» What you are asked to do:
Leaving the pictures aside, restate all of the data exactly.

» Collected material:

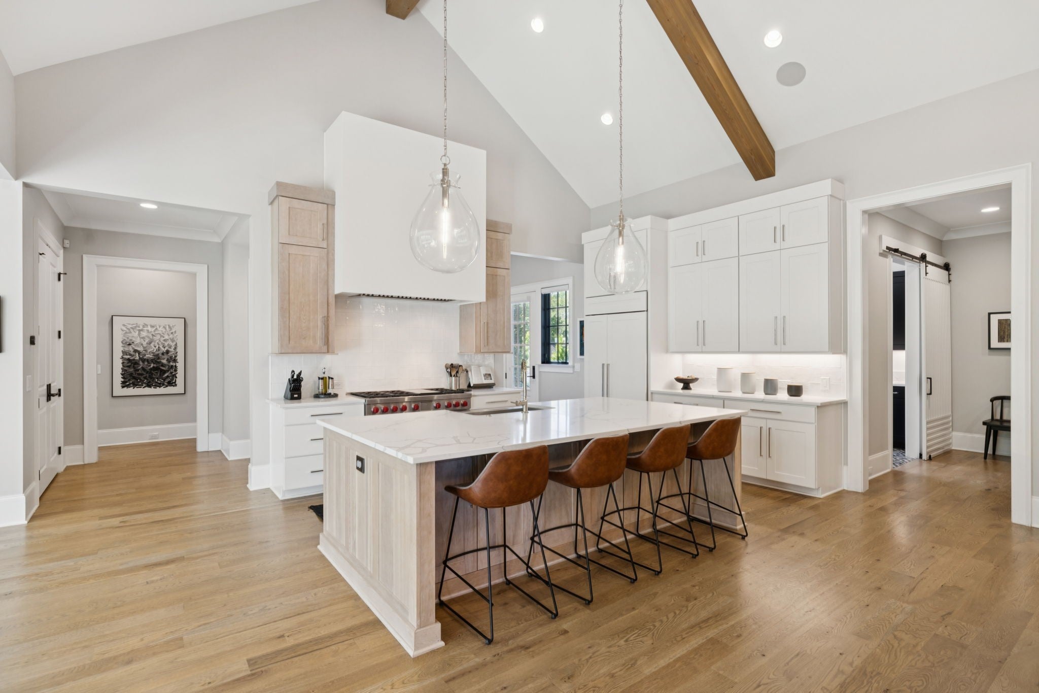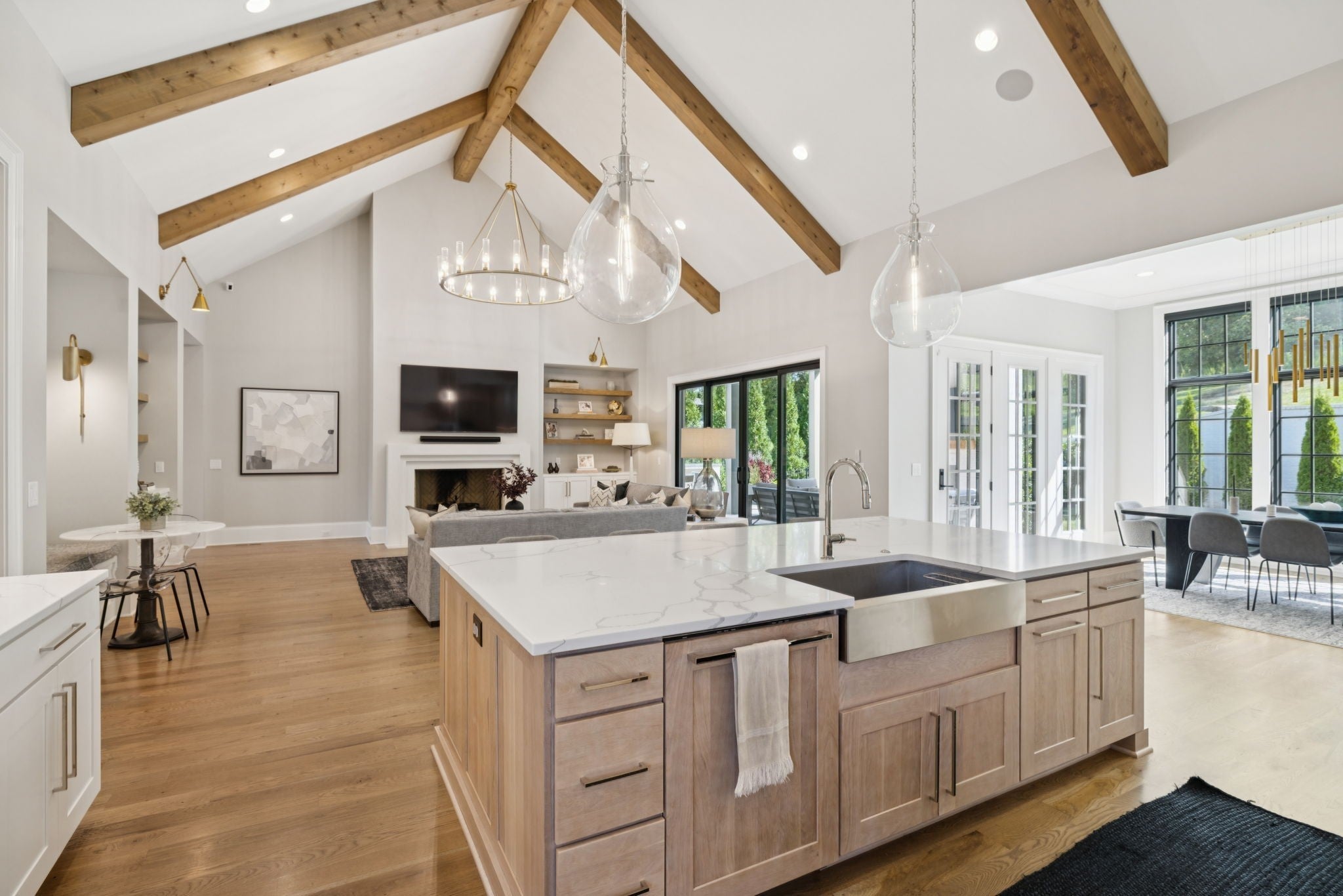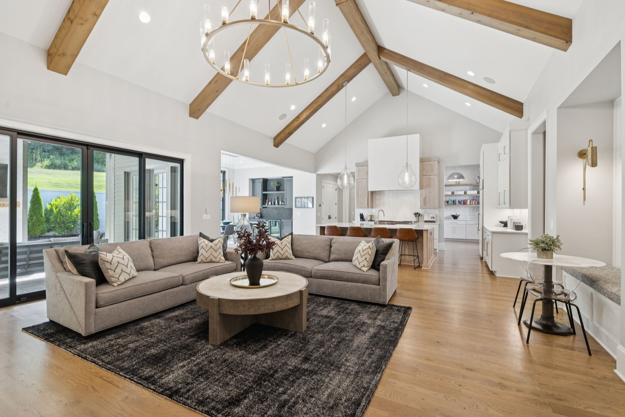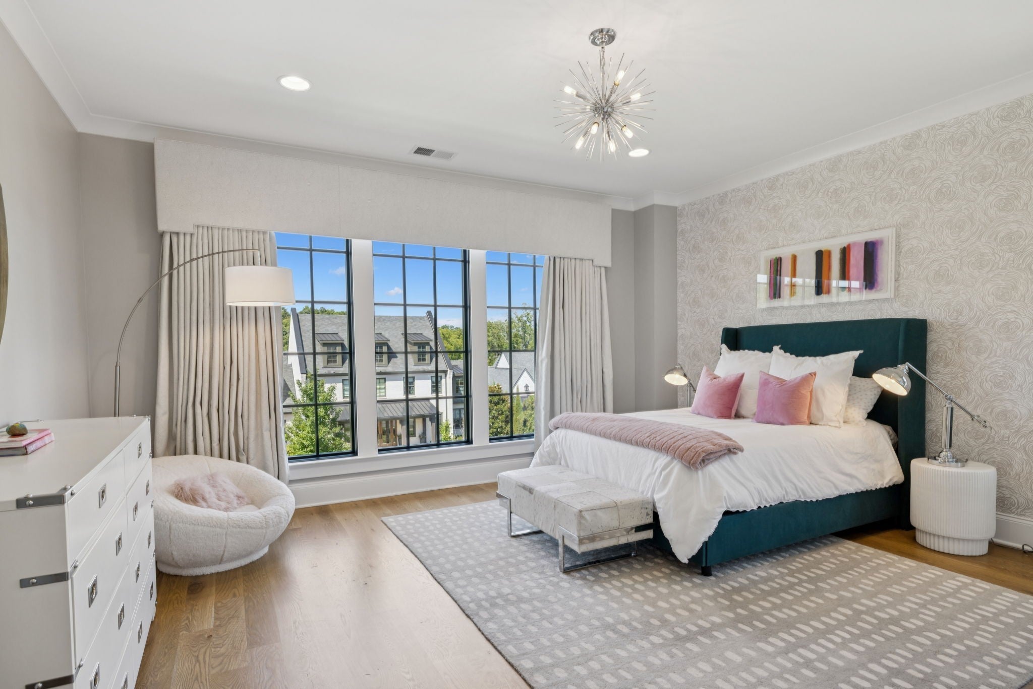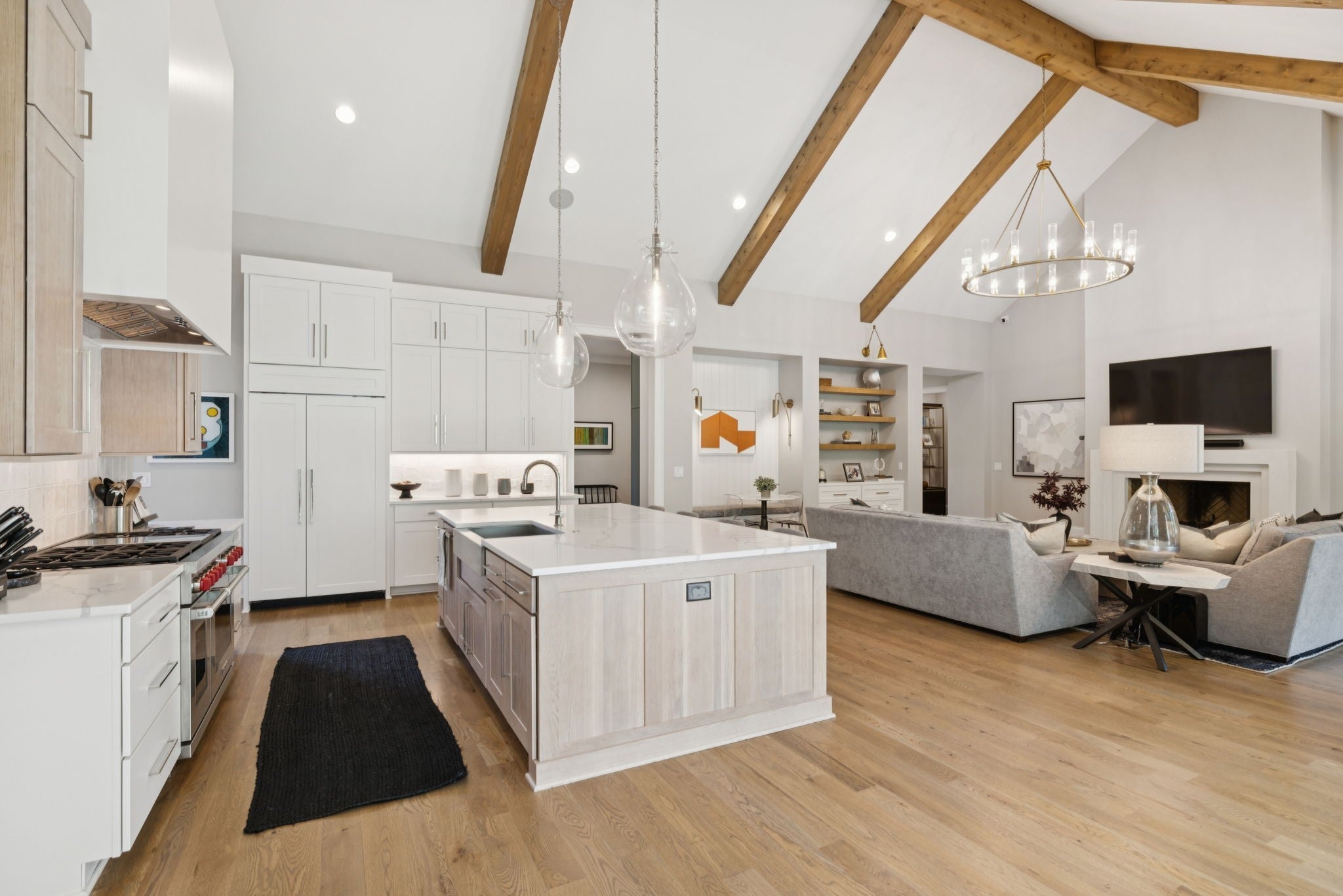 Set within the prestigious community The Grove, this stunning Modern Tudor by award-winning Stonegate Homes blends timeless architecture with elevated modern living. Thoughtfully designed for both comfort and sophistication, this private 4-bedroom residence showcases exceptional craftsmanship and high-end finishes throughout. Soaring ceilings anchor the dramatic great room, creating a light-filled space ideal for entertaining or everyday living. The chef’s kitchen is equally impressive, featuring vaulted ceilings, premium Wolf appliances, an oversized island, and a spacious walk-in pantry—perfect for both hosting and function. The serene primary suite is conveniently located on the main level, offering a luxurious retreat with spa-inspired finishes. A private den on the main floor provides flexible space for a home office or cozy lounge. Upstairs, enjoy a generous bonus room, with custom bunks designed for fun and function, and a stylish study lounge—ideal for work, play, or relaxation. Each secondary bedroom is thoughtfully appointed, maintaining the home’s sense of refined comfort. With privacy, architectural character, and luxury at every turn, this exceptional home offers an elevated lifestyle in one of the area’s most sought-after communities.
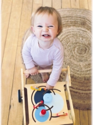 Tag på opdagelse med trægåvognen formet som en hval. Denne gåvogn hjælper ikke kun børn med de første skridt, men giver også forskellige interaktive legetøj til at fremme motoriske færdigheder.
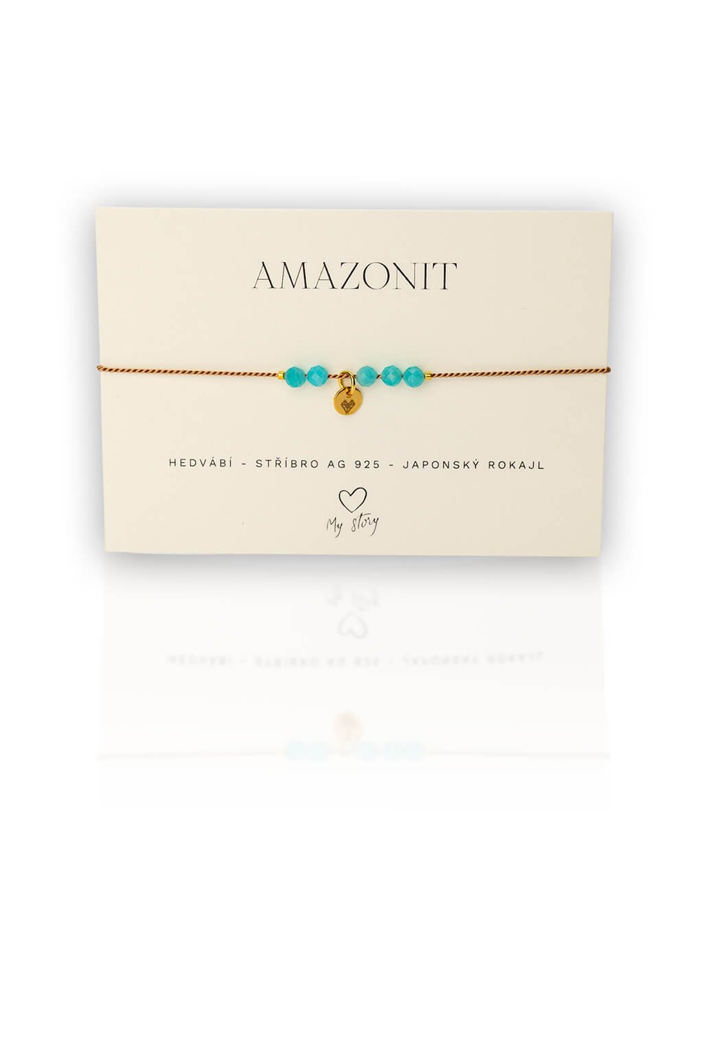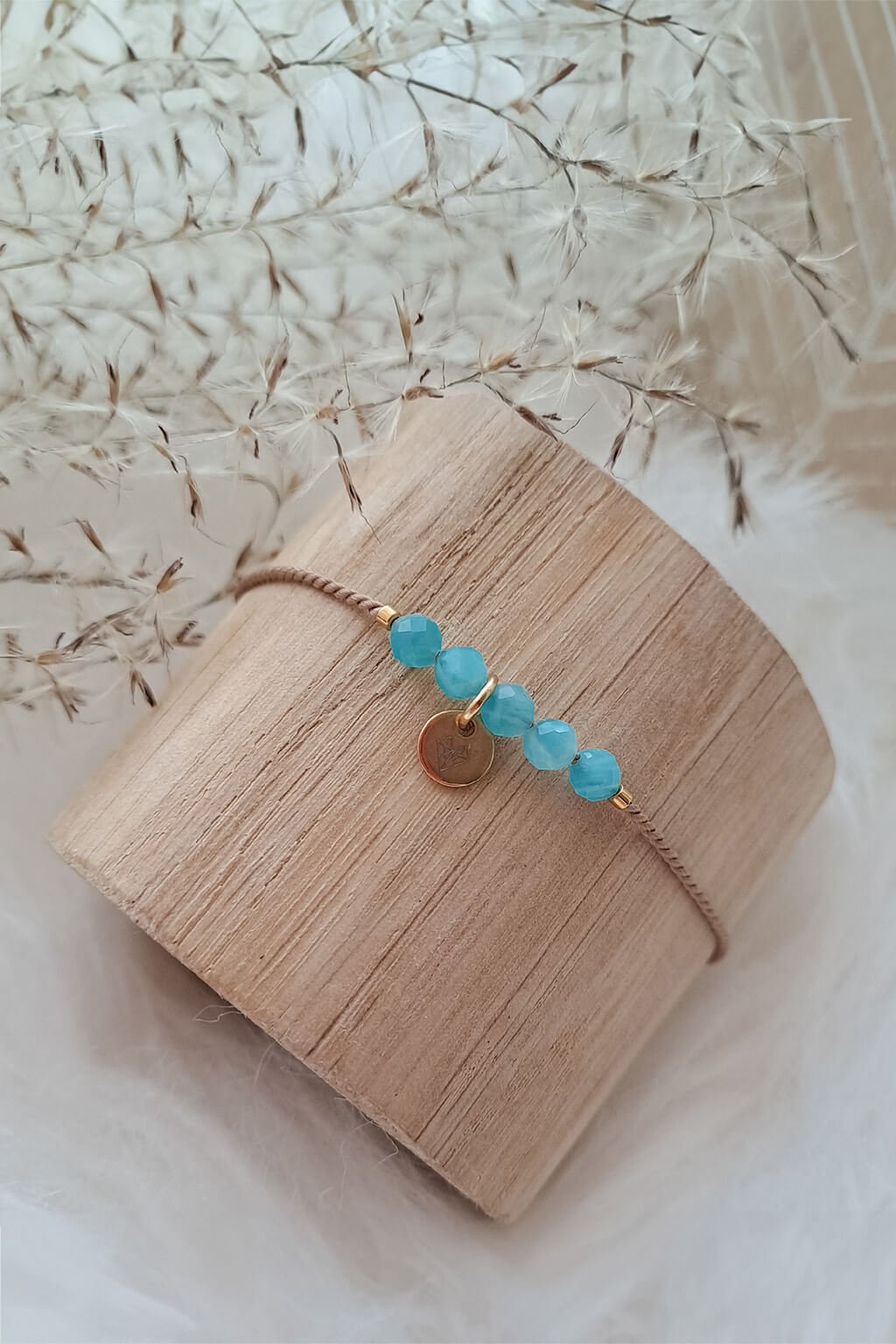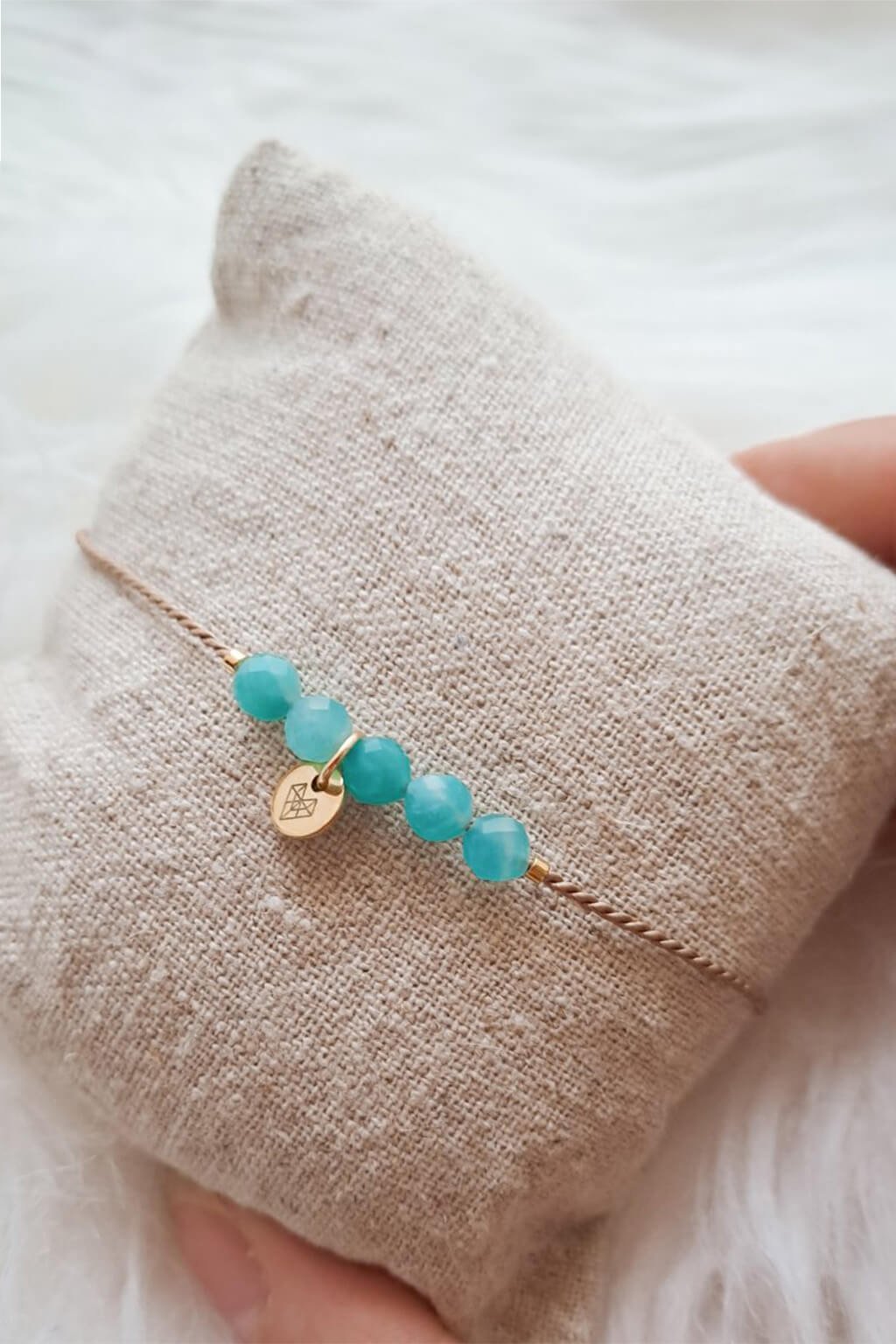 Náramok s Amazonitom a plackou je šperk, ktorý spája jemnosť a silnú symboliku. Tento náramok sa skladá z fazetovaných korálikov amazonitu doplnených plackou z chirurgickej ocele v zlatom odtieni, všetko na béžovej hodvábnej šnúrke.

» Finished exercise:
 Set within the prestigious community The Grove, this stunning Modern Tudor by award-winning Stonegate Homes blends timeless architecture with elevated modern living. Thoughtfully designed for both comfort and sophistication, this private 4-bedroom residence showcases exceptional craftsmanship and high-end finishes throughout. Soaring ceilings anchor the dramatic great room, creating a light-filled space ideal for entertaining or everyday living. The chef’s kitchen is equally impressive, featuring vaulted ceilings, premium Wolf appliances, an oversized island, and a spacious walk-in pantry—perfect for both hosting and function. The serene primary suite is conveniently located on the main level, offering a luxurious retreat with spa-inspired finishes. A private den on the main floor provides flexible space for a home office or cozy lounge. Upstairs, enjoy a generous bonus room, with custom bunks designed for fun and function, and a stylish study lounge—ideal for work, play, or relaxation. Each secondary bedroom is thoughtfully appointed, maintaining the home’s sense of refined comfort. With privacy, architectural character, and luxury at every turn, this exceptional home offers an elevated lifestyle in one of the area’s most sought-after communities.
 Tag på opdagelse med trægåvognen formet som en hval. Denne gåvogn hjælper ikke kun børn med de første skridt, men giver også forskellige interaktive legetøj til at fremme motoriske færdigheder.
 Náramok s Amazonitom a plackou je šperk, ktorý spája jemnosť a silnú symboliku. Tento náramok sa skladá z fazetovaných korálikov amazonitu doplnených plackou z chirurgickej ocele v zlatom odtieni, všetko na béžovej hodvábnej šnúrke.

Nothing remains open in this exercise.